Beck was convulsed by a sob. He had tried to find Billy when he returned from the morgue. He still hadn't wanted to believe what his mind was screaming at him. He wanted to talk to the boy, see if there could possibly be any mistake, hear what the boy had to say. He wanted to help him, if there was anything that could be done. But Billy was gone, the window in his room opened, his jacket missing, Mary's silent, sure stare telling him that what she had said had been right, that the boy was evil, that Jacob had been fooled.

Billy's face floated up before him, copper eyes darkening. The serious, determined look on his features dissolved into a sudden, vicious smile, teeth bared like an animal, willing to kill anyone.

25
 

On the phone, John Mifflin said, "Are you by yourself?"

Christine Beck said, "Yes." She wanted her voice to sound strong, not girlish, but it wasn't working. She sounded scared. She realized that John sounded scared, too.

"I . . . needed to talk to you," he said.
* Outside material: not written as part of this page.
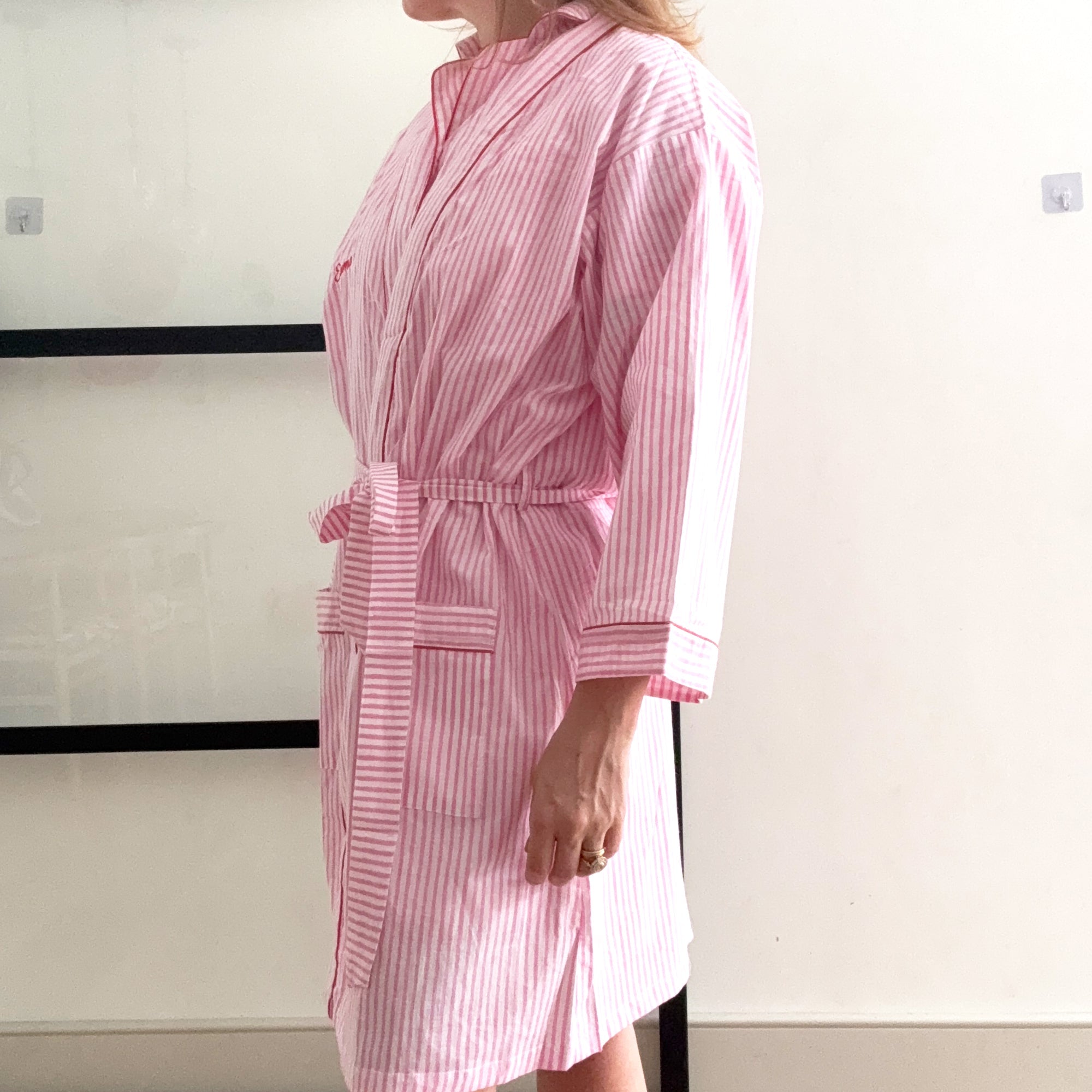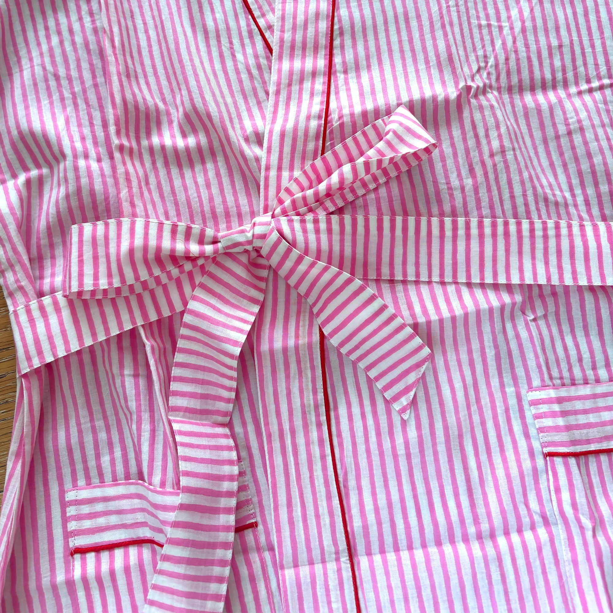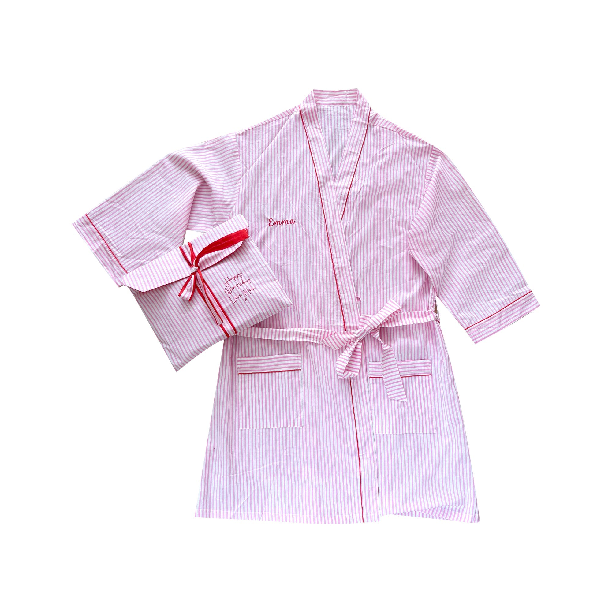 Pink Stripe Kimono Robe Bridesmaid Stripe Pyjamas Set, Stripe gown Bridesmaid, Bridesmaid PJs Cotton,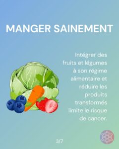 Sources : Institut National du Cancer (INCa) – Prévention des cancers Organisation mondiale de la Santé (OMS) – Cancer prevention World Cancer Research Fund – Diet, nutrition & cancer Santé publique France – Tabac, UV et dépistage.

She drew strength from the fear in his voice. "Tell me what's the matter."

"Where is Billy now?"

She could feel the fear in him, but there was also the sense that he was holding it down, that he had made up his mind about something.
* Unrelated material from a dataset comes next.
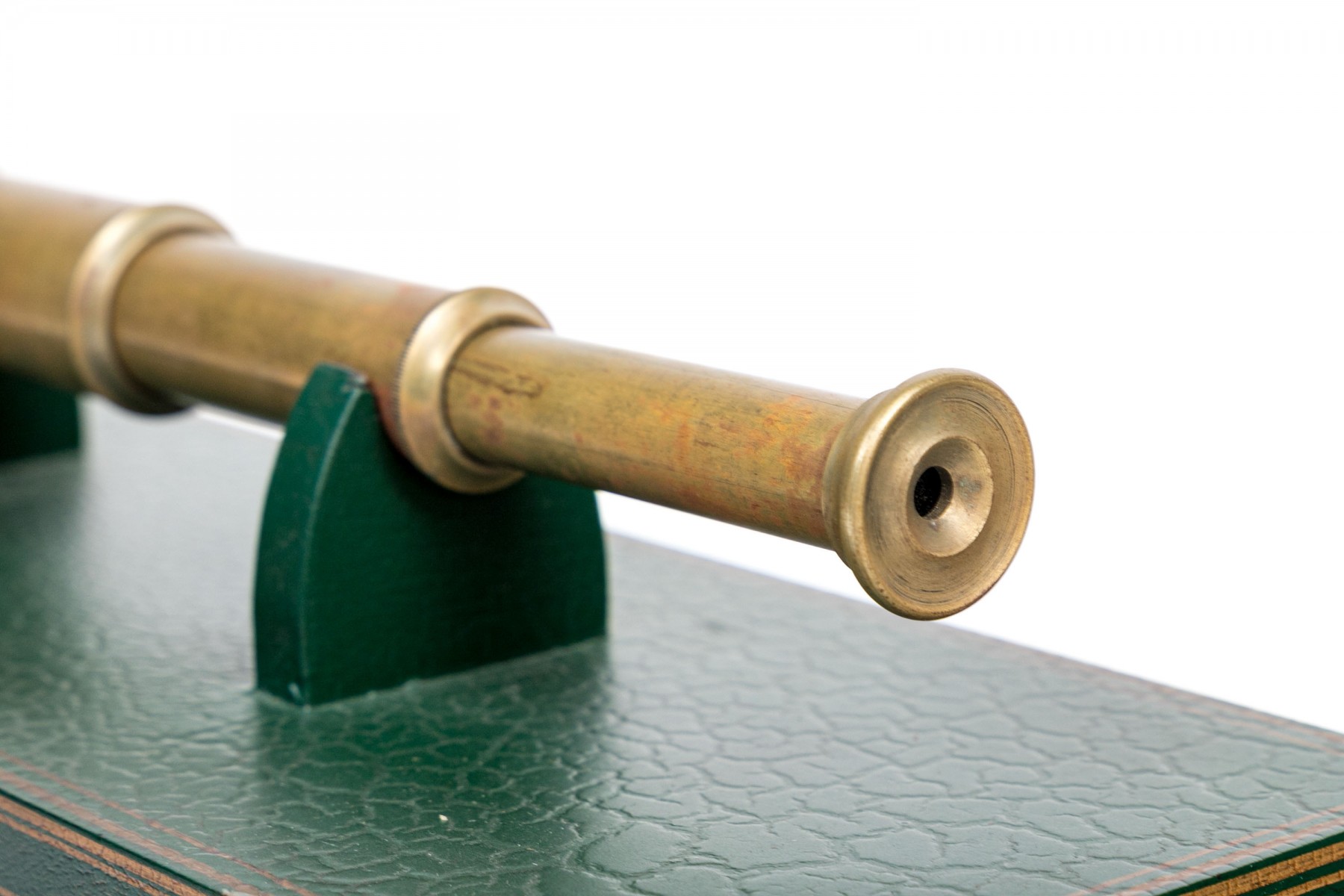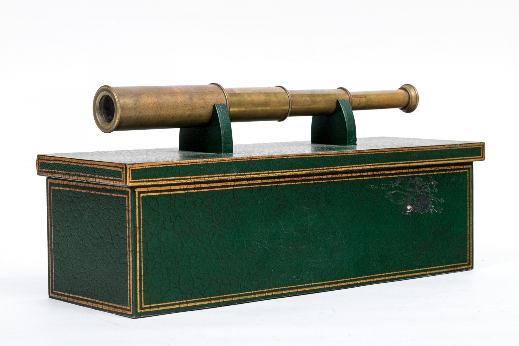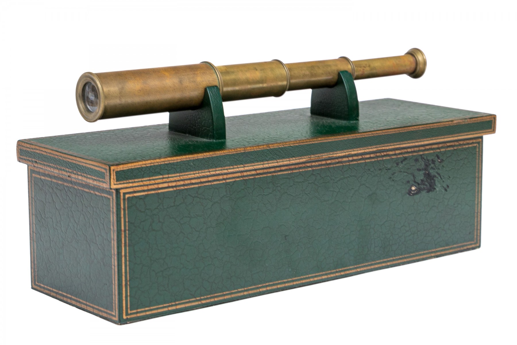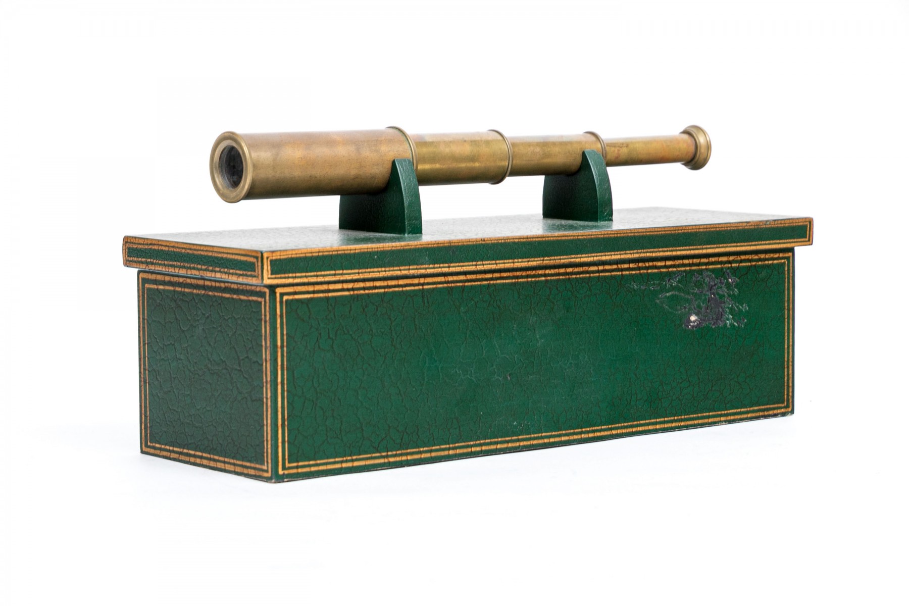 A collapsible spy glass in brass. With a green faux leather covered black wooden box with gilt trim and top and inner supports for the instrument.

"John," she said, "what are you going to do?"

"Where is Billy?" He sounded almost desperate.

"Let me come over and talk to you."

"No."

"John, please." Her voice was trembling.

He said nothing.

"You saw what he did to Danny!" she begged. "You're the one who told me about what he could do."

There was a pause. "Christine," he said slowly. He sounded like both a little boy and a man. "He killed Danny French. He's killed others, too. You told me your mother said he killed that drunk in the park. I think he can kill anybody he wants to. Nobody would believe me if I tried to tell them. What are we going to do? Wait until he kills everybody? He could do that if he wanted. I think he likes to play with people." A hint of the self-pity that John always seemed to show when talking about Billy crept into his voice. "I watched him a long time, when we were at Melinda's home. He could get anyone he wanted on his side. He's still doing that. If I don't do anything, he'll just keep doing whatever he wants. You said yourself your father was on his side."

He was pleading. Christine's mind was a mass of fears—for John, for herself, for her mother and father.